Geography at Easton
Curriculum Intent:
- At Easton CE Academy we value Geography as an important part of the children's entitlement to a broad and balanced curriculum.
- We believe that Geography helps to provoke and answer questions about the natural and human worlds, encouraging children to develop a greater understanding of their world and their place in it.
- As pupils progress, their growing knowledge about the world should help them to deepen their understanding of the interaction between physical and human processes, and of the formation and use of landscapes and environments.
- We want our children to gain confidence and practical experiences of geographical knowledge, understanding and skills that explain how the Earth’s features at different scales are shaped, interconnected and change over time.
Implementation:
- In EYFS pupils are given daily opportunities to explore, observe and find out about people, places, technology and the environment as part of their Understanding the World curriculum area.

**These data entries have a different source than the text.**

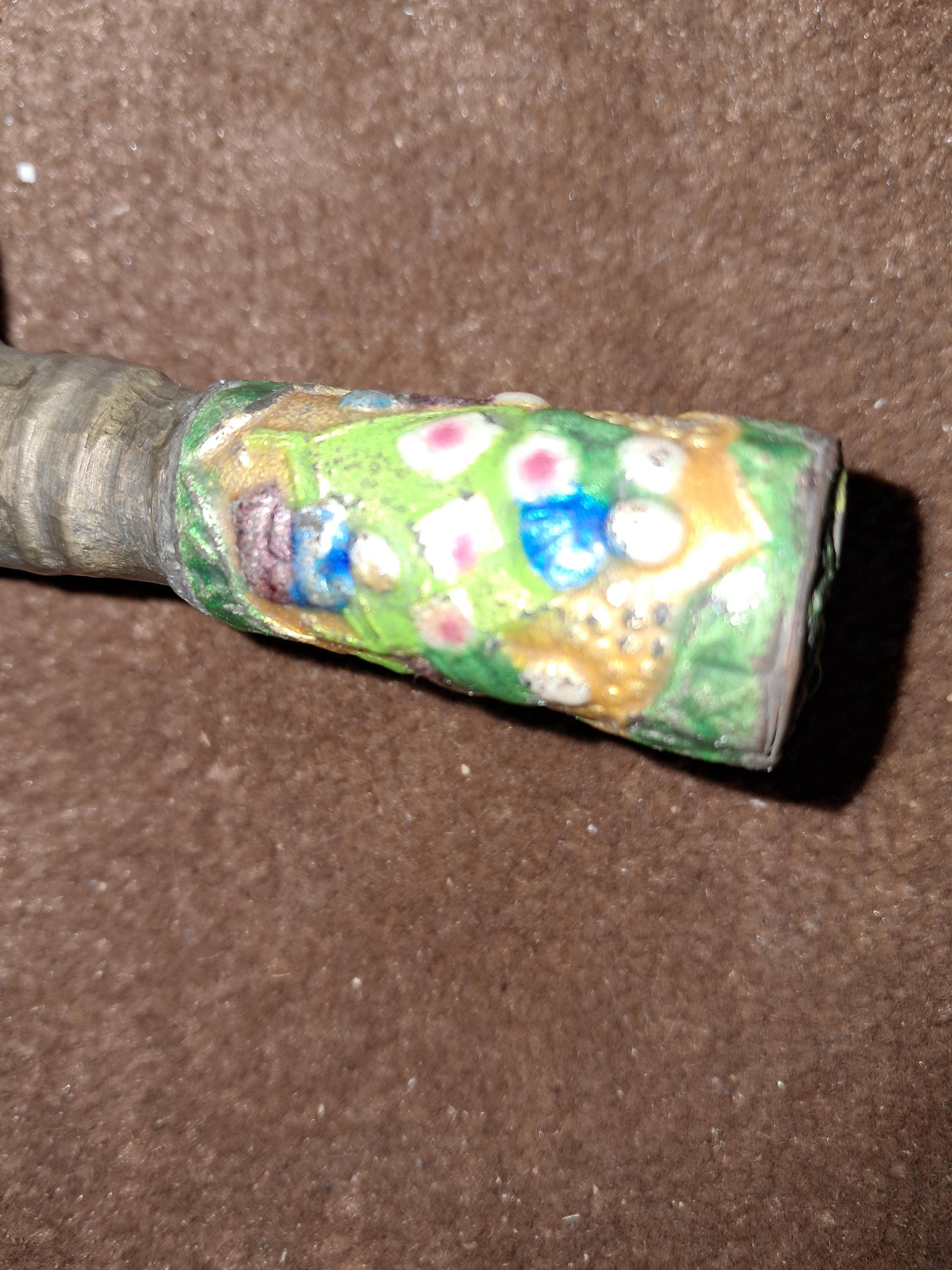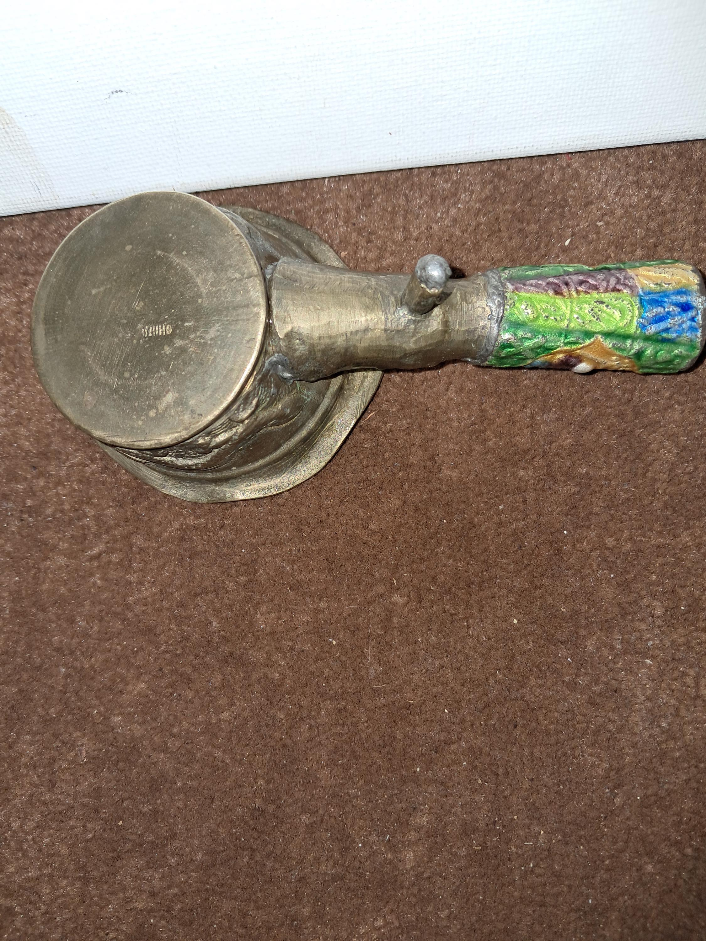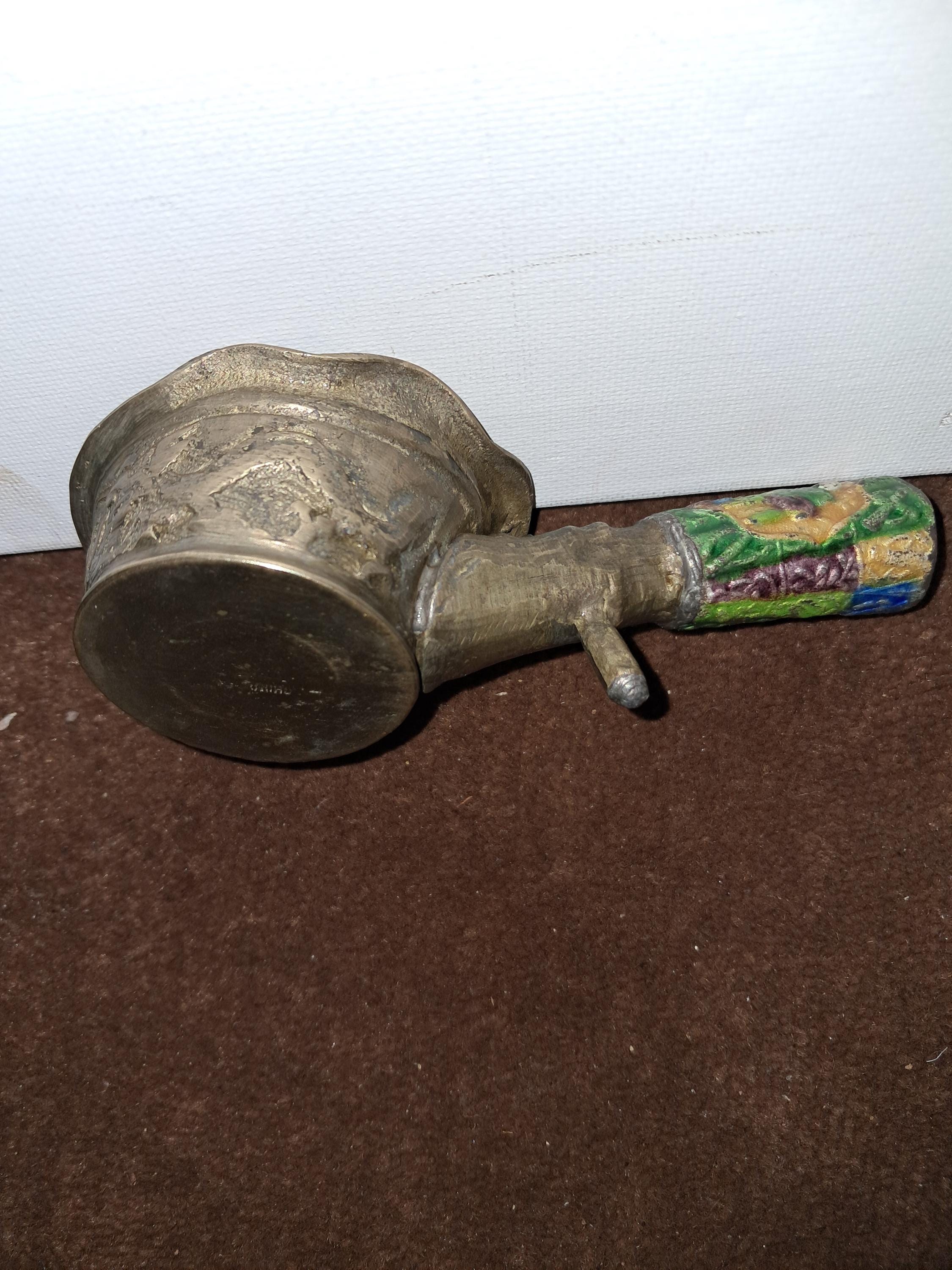 Unusual looking with handle and colorful engraving of Monks on the handle with 2 Dragons on the side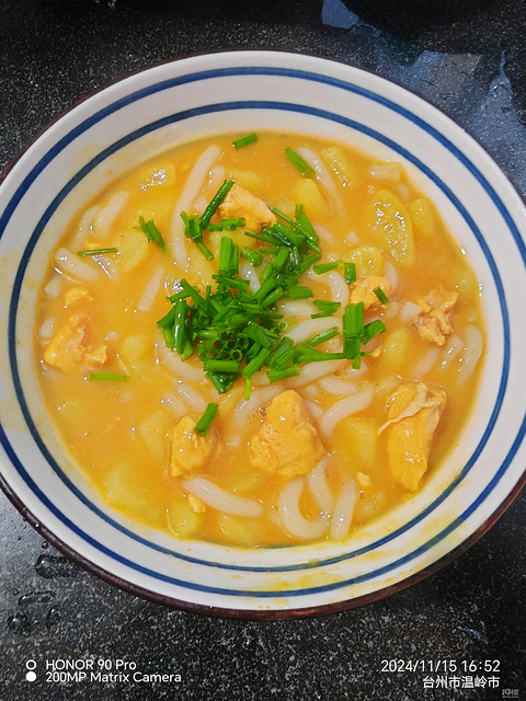 一个土豆切块,一块鸡胸肉切小块,热锅热油放入土豆块和鸡胸肉煸炒变色再煎一下,放咖喱炒炒,加点老酒,加点盐,热水,咕咚咕咚小火炖个15分钟,放土豆粉,煮三分钟就可以了,撒葱花,开炫。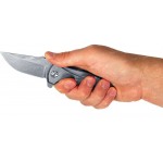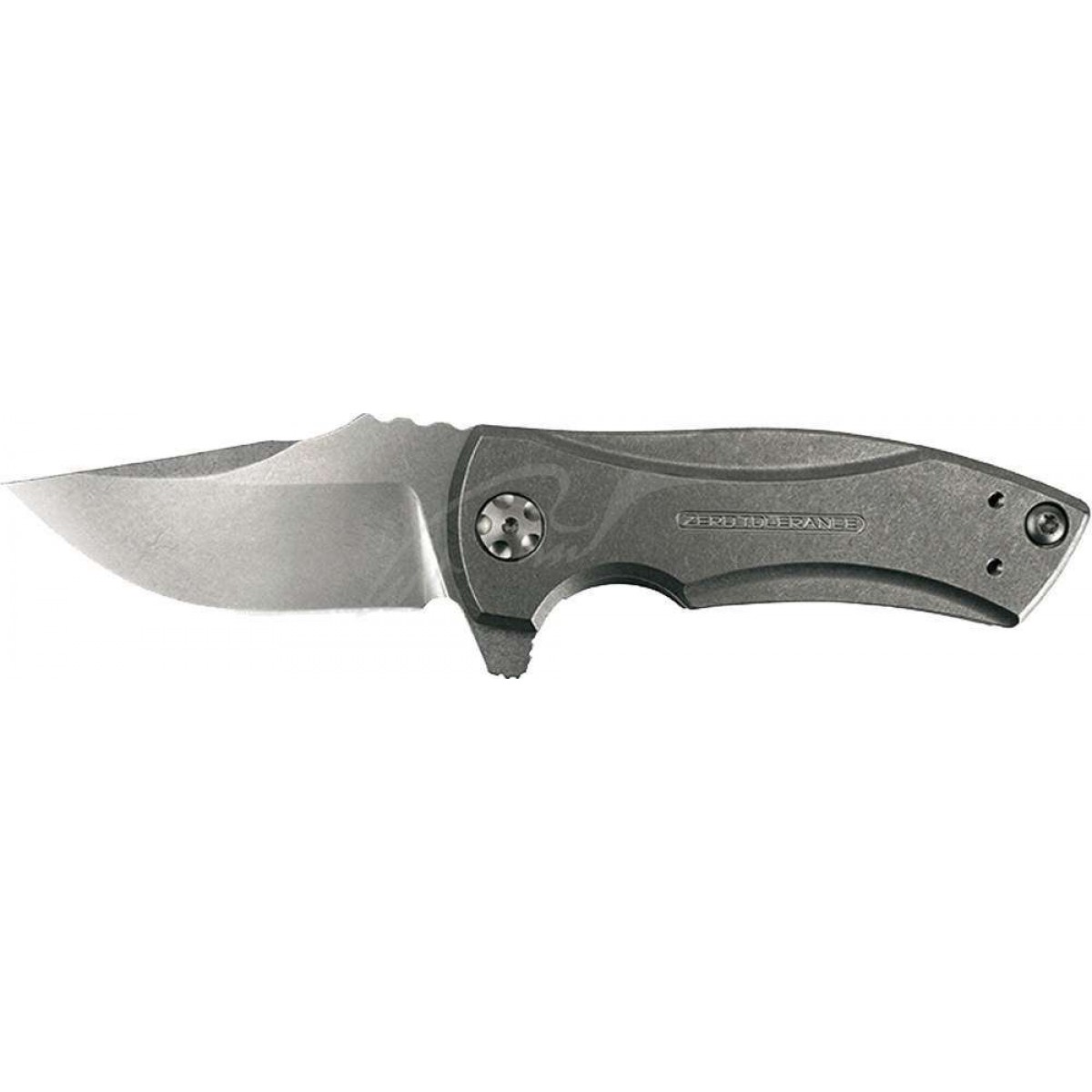 Нож Zero Tolerance 0900 - результат работы мастера Леса Джорджа и Zero Tolerance: компактный, широкий клинок изготовлен из нержавеющей порошковой стали CPM-S35VN, а его поверхность для пущей износоустойчивости обработана по технологии «стоунвош» (stonewash). Таким образом, нож невероятно крепкий, а клинок продолжительное время удерживает заточку. Рукоять выполнена в титане с покрытием стоунвош.Использование фирменной технологии Kershaw - KVT ball-bearing opening – гарантирует легкое и мгновенное открывание ножа при помощи флиппера.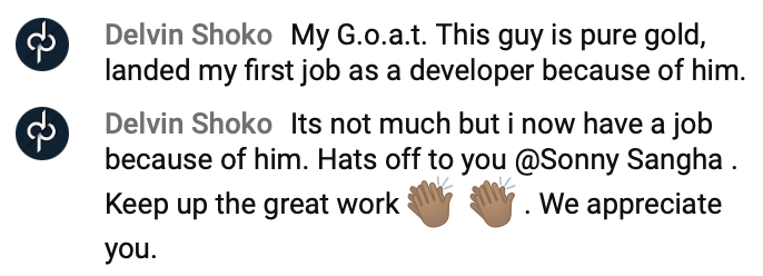Delvin Shoko landing his First Dev Job with the help of the PAPAFAM!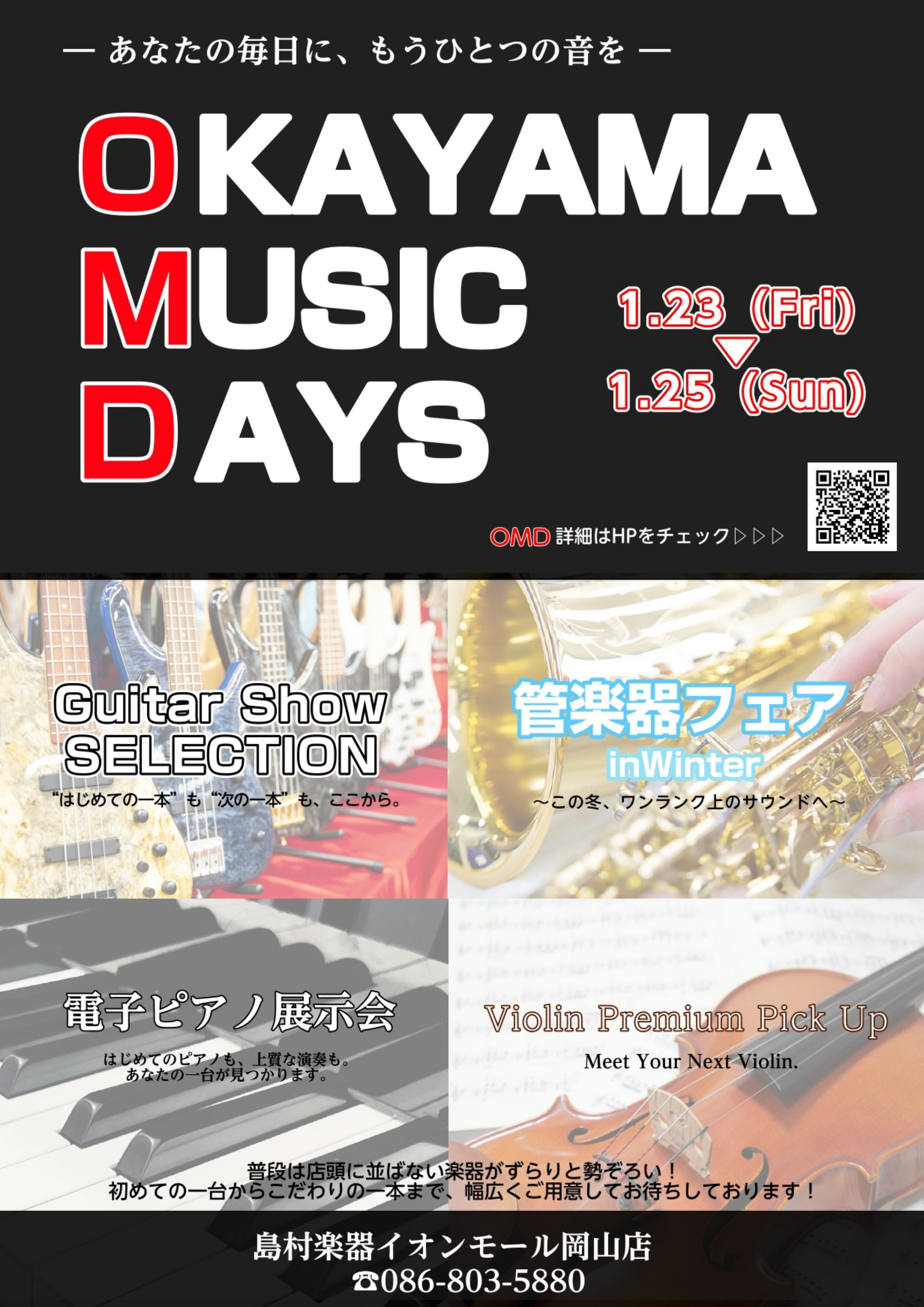 ![岡山で最も盛り上がる3日間!OKAYAMA MUSIC DAYS!選りすぐりの弦楽器を展示致します! 皆様こんにちは!HPをご覧いただきありがとうございます。イオンモール岡山店の大型催事です!ピアノ、ギター、管楽器、弦楽器が大集結!!弦楽器は、普段なかなか店頭に置いていないバイオリン、弓を展示!!こ […]](https://www.shimamura.co.jp/shop/okayama/wp-content/uploads/sites/63/2025/12/20251219-omd2026.png)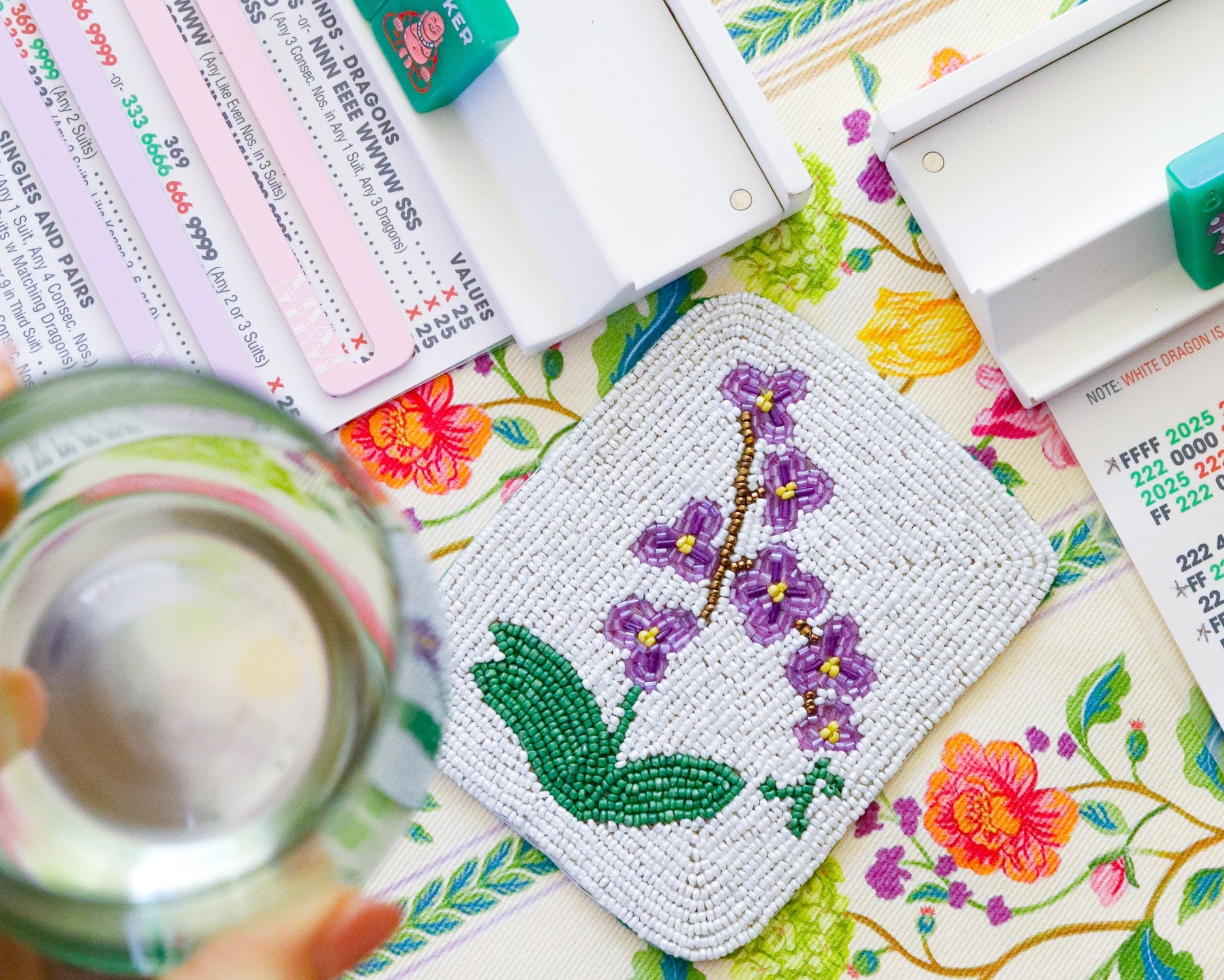 Introducing our newest Mahjong table accessory- the hand-beaded coaster collection. Two designs are available with our WINDS round coasters and the One Bird Bam Tile coasters.

- Geography is taught through unit based work in each year group. We teach about our local area and the wider UK from EYFS – Year 3, moving onto Europe and the wider world in Years 4-6.
- A skills progression is used to ensure that pupils learn a range of geographical skills progressively across the school.
- Mapping skills are taught in each year group ranging from identifying landmarks in our location and creating aerial maps to understanding how to use an atlas to identify different places and geographical features.
- Educational visits are embedded into our curriculum to ensure pupils have many opportunities to explore the local and wider area.
National Curriculum in England
The national curriculum for geography aims to ensure that all pupils:
- develop contextual knowledge of the location of globally significant places – both terrestrial and marine – including their defining physical and human characteristics and how these provide a geographical context for understanding the actions of processes
- understand the processes that give rise to key physical and human geographical features of the world, how these are interdependent and how they bring about spatial variation and change over time
- are competent in the geographical skills needed to:
- collect, analyse and communicate with a range of data gathered through experiences of fieldwork that deepen their understanding of geographical processes
- interpret a range of sources of geographical information, including maps, diagrams, globes, aerial photographs and Geographical Information Systems (GIS)
- communicate geographical information in a variety of ways, including through maps, numerical and quantitative skills and writing at length.